### About this exercise
Keep every word the same. Repeat the records without their images.

──────

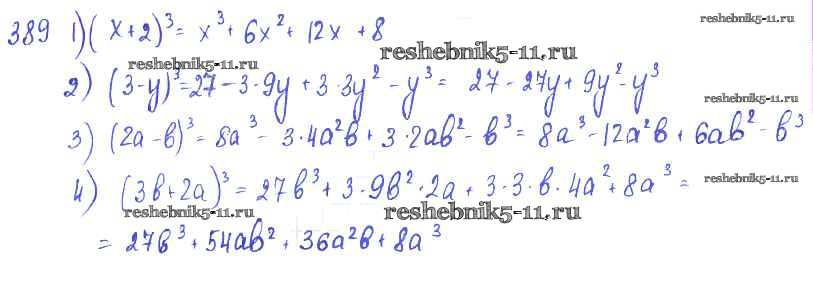 Готовая домашняя работа с ответами по Алгебре за 7 класс Колягин, Ткачёва, Федорова, Шабунин Учебник Просвещение 2014 ФГОС - §22. Квадрат суммы. Квадрат разности 389
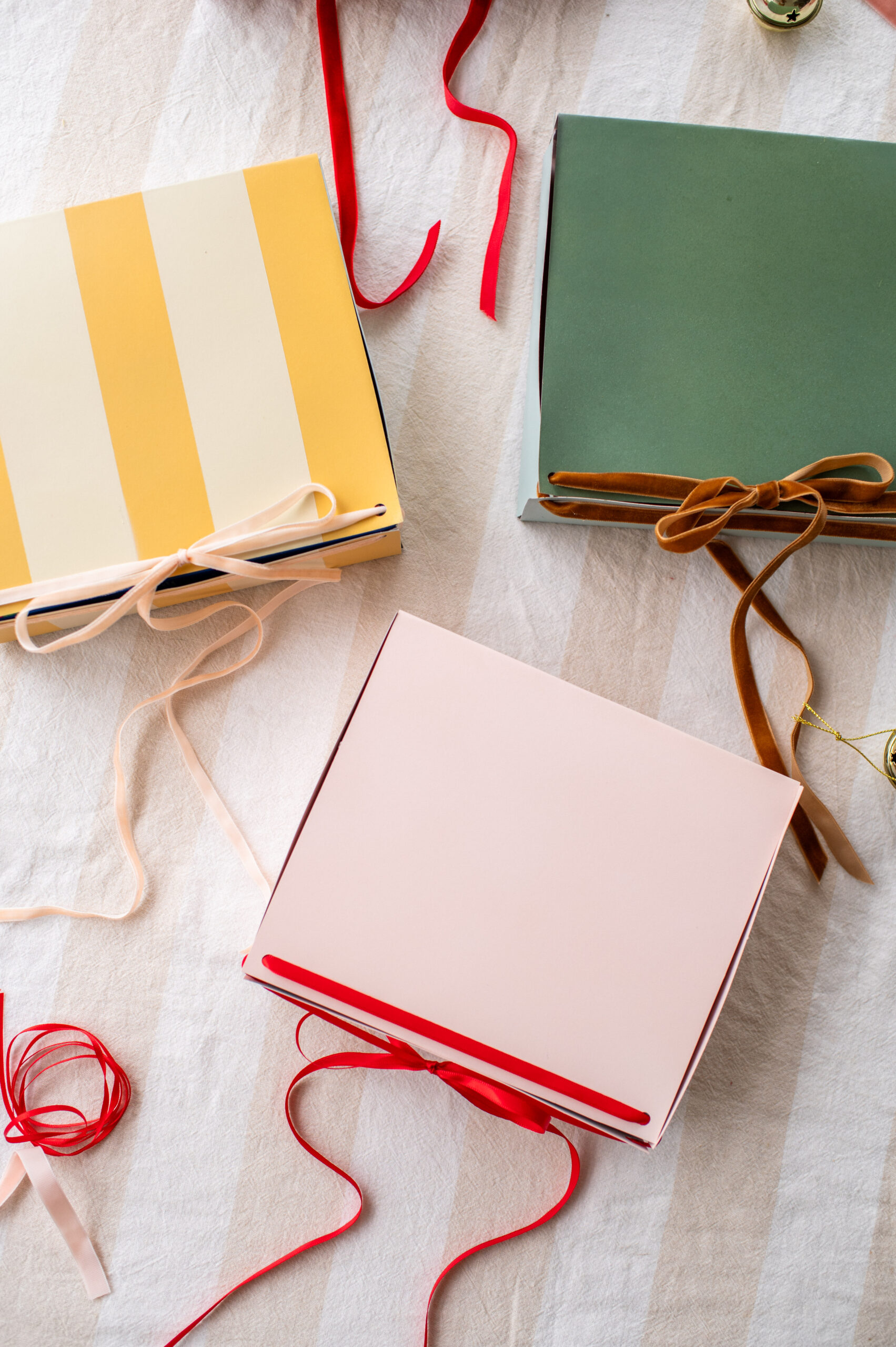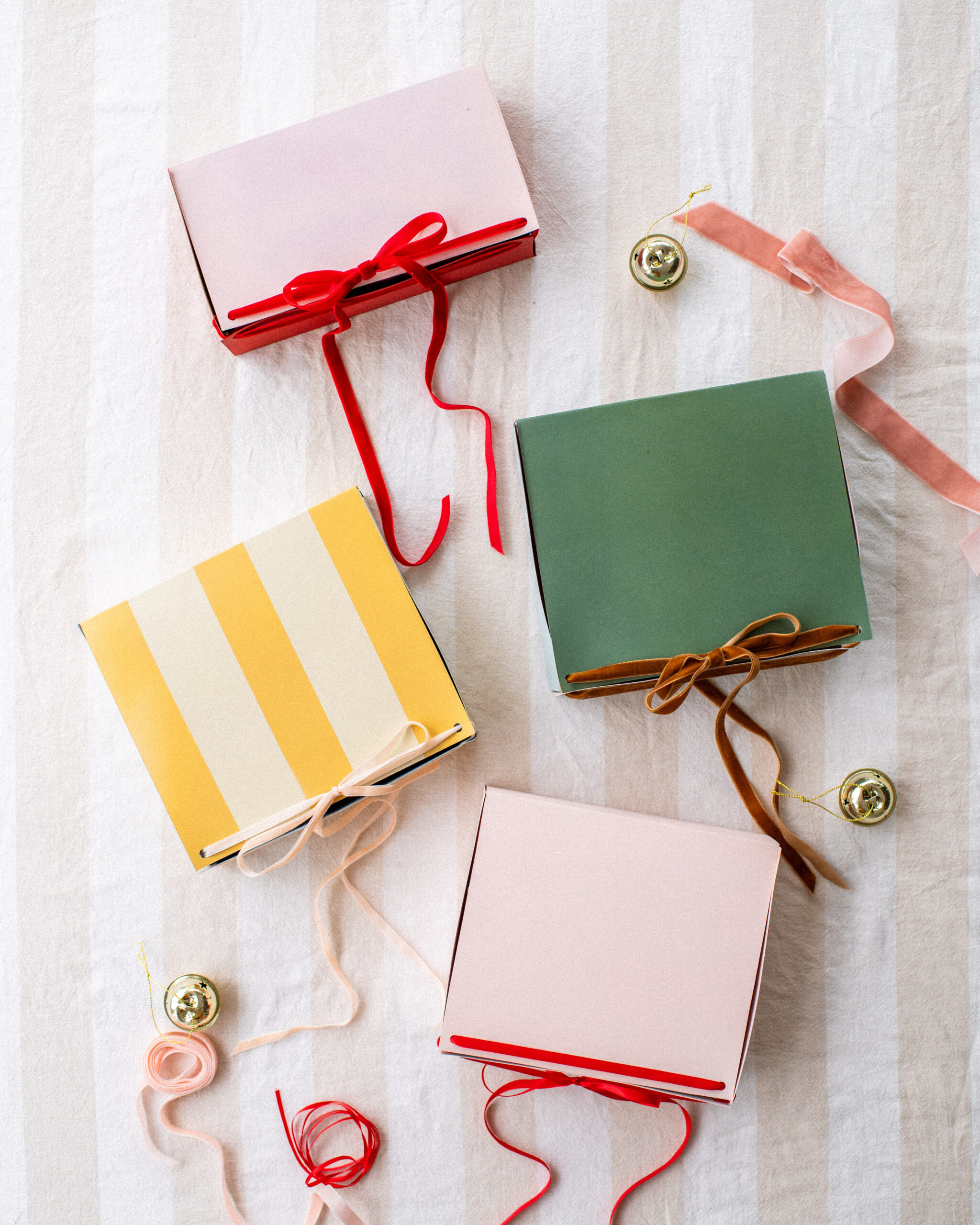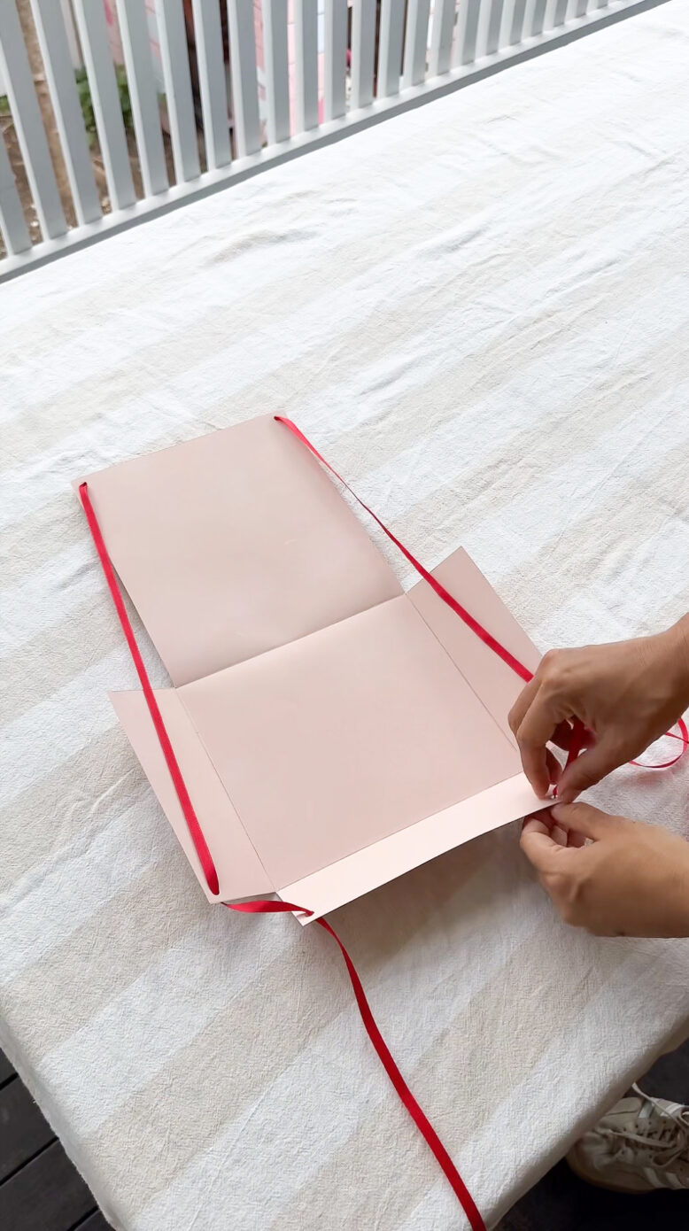 Step 5: Tie it together: Place your gift inside, then pull the ribbon ends gently to draw the sides together — the folds will close in beautifully, creating a soft, gathered finish. Tie in a bow to secure, and you’re done!
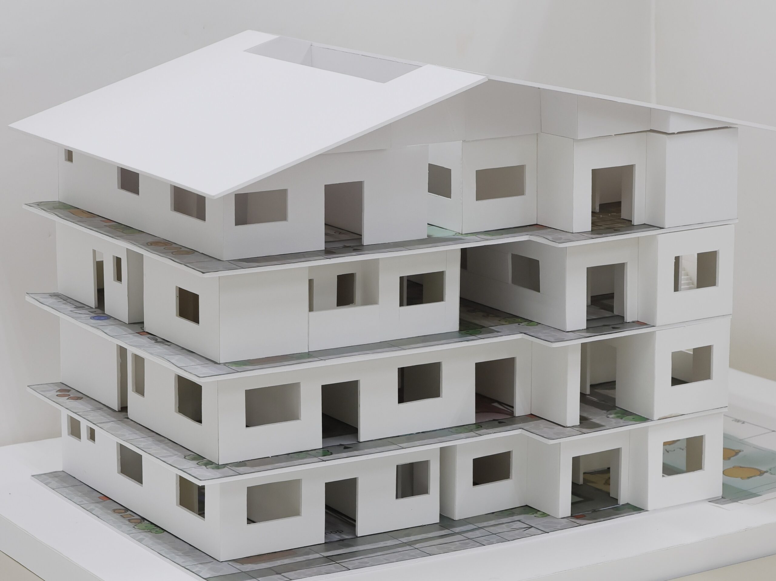 非木造コース選択者が彼だけでした。当初は不安を抱えながらスタートしました。努力家の彼は、何より私のところへ卒業設計においての相談に何度もきてくれました。卒業設計を通じて、鉄筋コンクリート造に関する知識や施工図の描き方、工事中の仮設計画、コンクリートの拾い出し方などが習得できたと思います。模型においては、サイズ規定から周辺環境より建物を重視したいという意向を尊重しました。例年にない開口部の作成や、セパレートできるように作成しております。住環境リノベーション学科最後の施工管理コースにふさわしい作品になりました。彼のコメントにもあるようにマイナスから入ったとしても、努力し、やり遂げることで自信にもつながり、「やればできる」ということを実感したと思います。目指せ!スーパー現場監督!ありがとうございました。<樋下 昌俊>
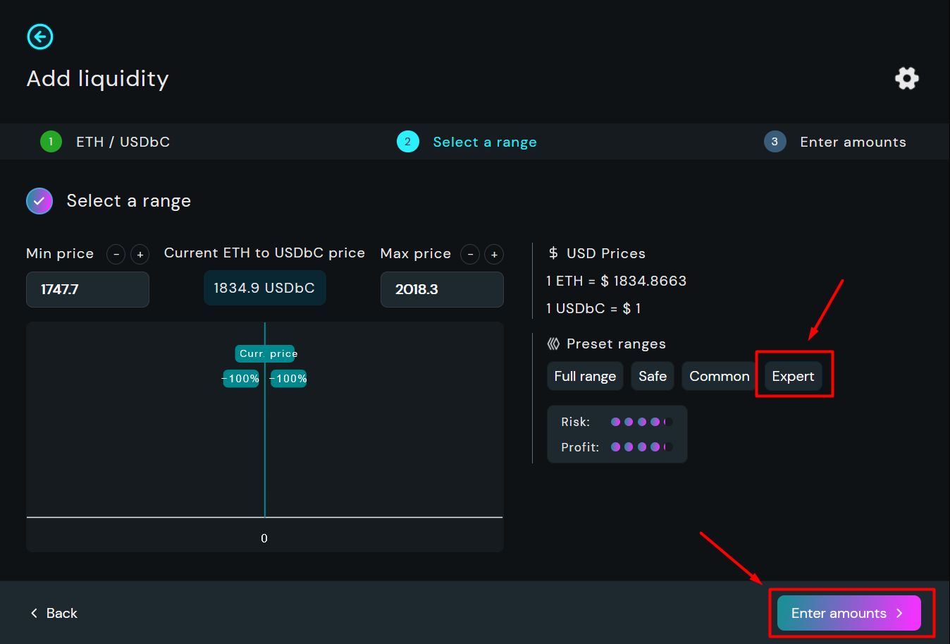 For this guide, we will choose the "Expert" range. Once selected, click on Enter Amounts to Continue to the next step.
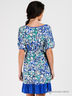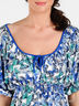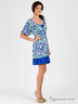 Детали: глубокий вырез горловины с завязкой, короткий рукав, линия талии подчеркнута многорядной резинкой, оборка, принты
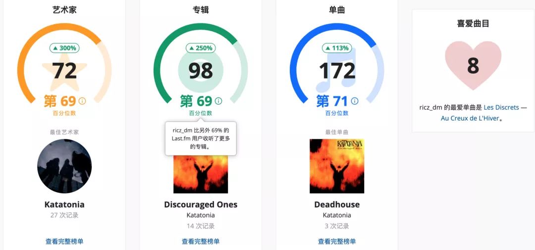 最厉害的还不是这个,我随便截取了Last.fm一个用户的界面,大家可以看看下图显示的数据:
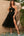 Błyszcząca krótka sukienka o linii A z ciemnozielonymi wiązaniami na szyi z cekinami
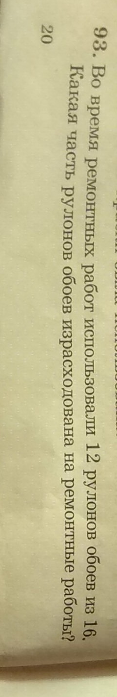 во время ремонтных работ использовали 18 рулонов обоев из 16 Какая часть рулонов обоев израсходовано на ремонтные работы
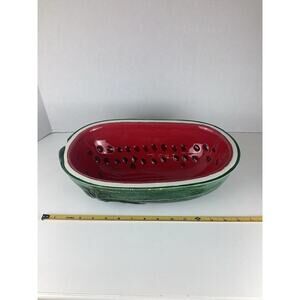 Vintage 1980’s Ceramic Hand Painted Summer Watermelon Oval Serving Bowl 13”
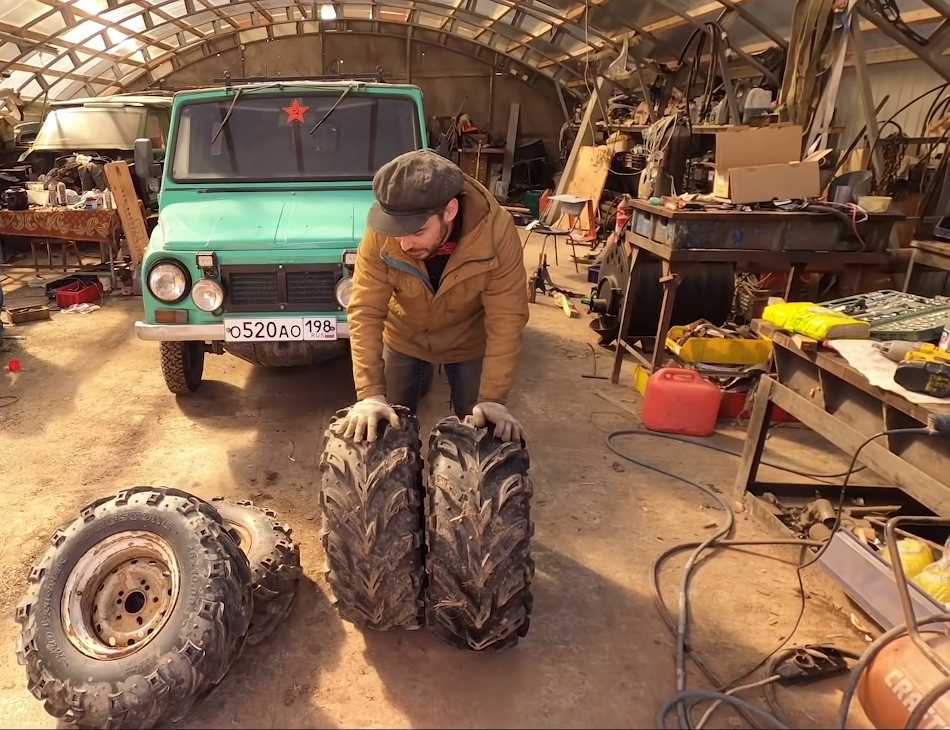 Прежде всего, колёса. Хоть и стоковая резина на подопытном ЛуАЗике выглядит не такой уж и безобидной, но всё познается в сравнении. И когда ребята показали комплект колёс, всё стало ясно. Если ставить, то только такие. При этом, не смотря на различие в размерах, колёса подошли!
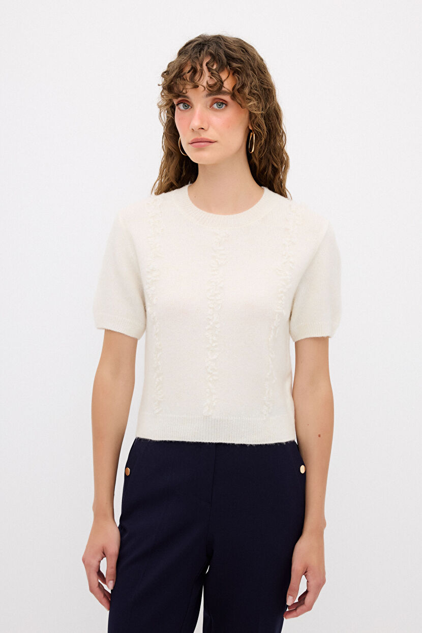 Kemik Püskül Detaylı Kısa Kol Triko Kazak
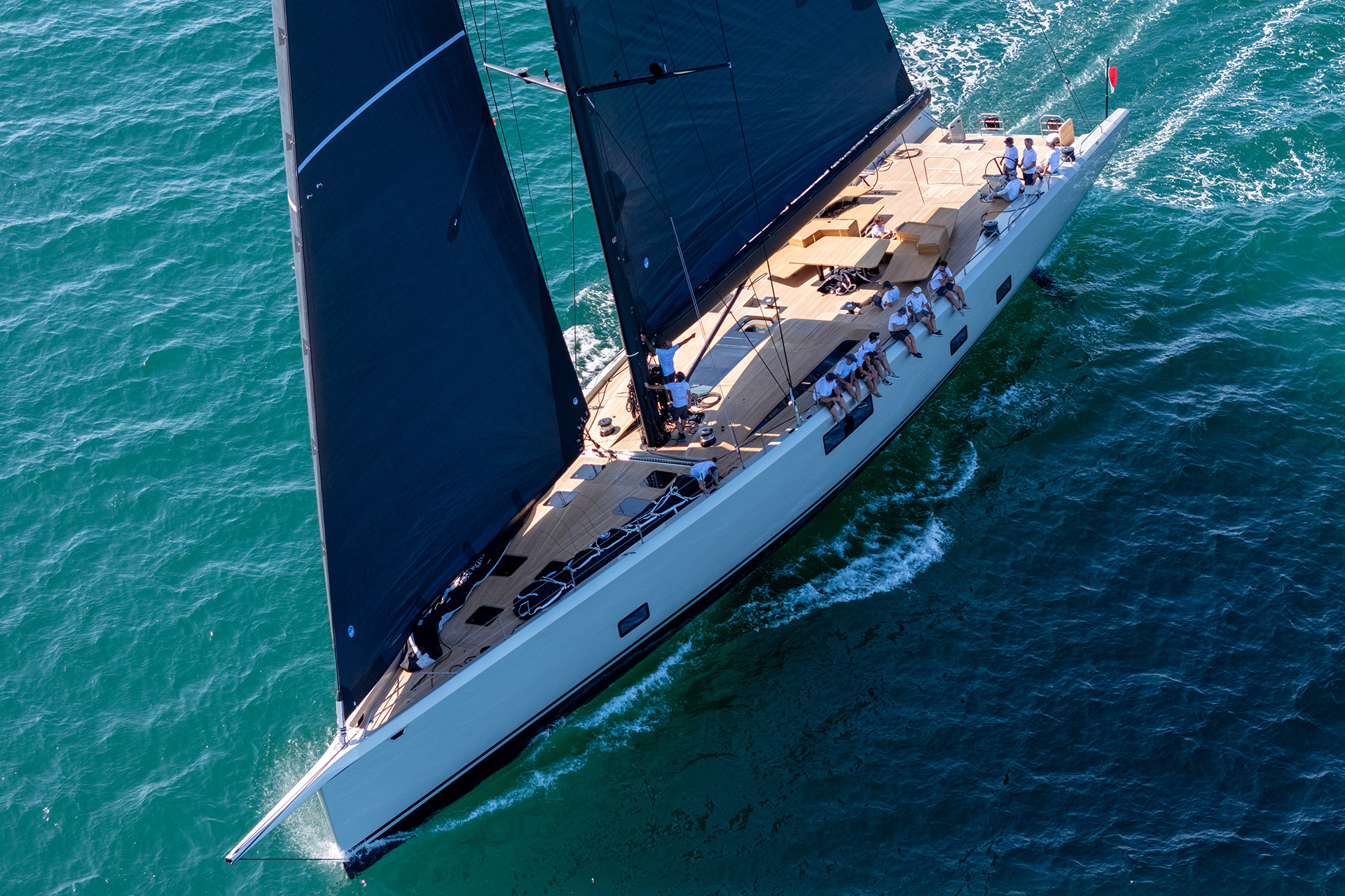 Varato nel 2025 e lungo 33,42 m, il wallywind110 unisce ingegneria avanzata ed eleganza, con scafo e sovrastruttura in fibra di carbonio e ponte in teak, in un equilibrio tra leggerezza strutturale e solidità.

──────

### Response to this exercise
 Готовая домашняя работа с ответами по Алгебре за 7 класс Колягин, Ткачёва, Федорова, Шабунин Учебник Просвещение 2014 ФГОС - §22. Квадрат суммы. Квадрат разности 389
 Step 5: Tie it together: Place your gift inside, then pull the ribbon ends gently to draw the sides together — the folds will close in beautifully, creating a soft, gathered finish. Tie in a bow to secure, and you’re done!
 非木造コース選択者が彼だけでした。当初は不安を抱えながらスタートしました。努力家の彼は、何より私のところへ卒業設計においての相談に何度もきてくれました。卒業設計を通じて、鉄筋コンクリート造に関する知識や施工図の描き方、工事中の仮設計画、コンクリートの拾い出し方などが習得できたと思います。模型においては、サイズ規定から周辺環境より建物を重視したいという意向を尊重しました。例年にない開口部の作成や、セパレートできるように作成しております。住環境リノベーション学科最後の施工管理コースにふさわしい作品になりました。彼のコメントにもあるようにマイナスから入ったとしても、努力し、やり遂げることで自信にもつながり、「やればできる」ということを実感したと思います。目指せ!スーパー現場監督!ありがとうございました。<樋下 昌俊>
 For this guide, we will choose the "Expert" range. Once selected, click on Enter Amounts to Continue to the next step.
 Детали: глубокий вырез горловины с завязкой, короткий рукав, линия талии подчеркнута многорядной резинкой, оборка, принты
 最厉害的还不是这个,我随便截取了Last.fm一个用户的界面,大家可以看看下图显示的数据:
 Błyszcząca krótka sukienka o linii A z ciemnozielonymi wiązaniami na szyi z cekinami
 во время ремонтных работ использовали 18 рулонов обоев из 16 Какая часть рулонов обоев израсходовано на ремонтные работы
 Vintage 1980’s Ceramic Hand Painted Summer Watermelon Oval Serving Bowl 13”
 Прежде всего, колёса. Хоть и стоковая резина на подопытном ЛуАЗике выглядит не такой уж и безобидной, но всё познается в сравнении. И когда ребята показали комплект колёс, всё стало ясно. Если ставить, то только такие. При этом, не смотря на различие в размерах, колёса подошли!
 Kemik Püskül Detaylı Kısa Kol Triko Kazak
 Varato nel 2025 e lungo 33,42 m, il wallywind110 unisce ingegneria avanzata ed eleganza, con scafo e sovrastruttura in fibra di carbonio e ponte in teak, in un equilibrio tra leggerezza strutturale e solidità.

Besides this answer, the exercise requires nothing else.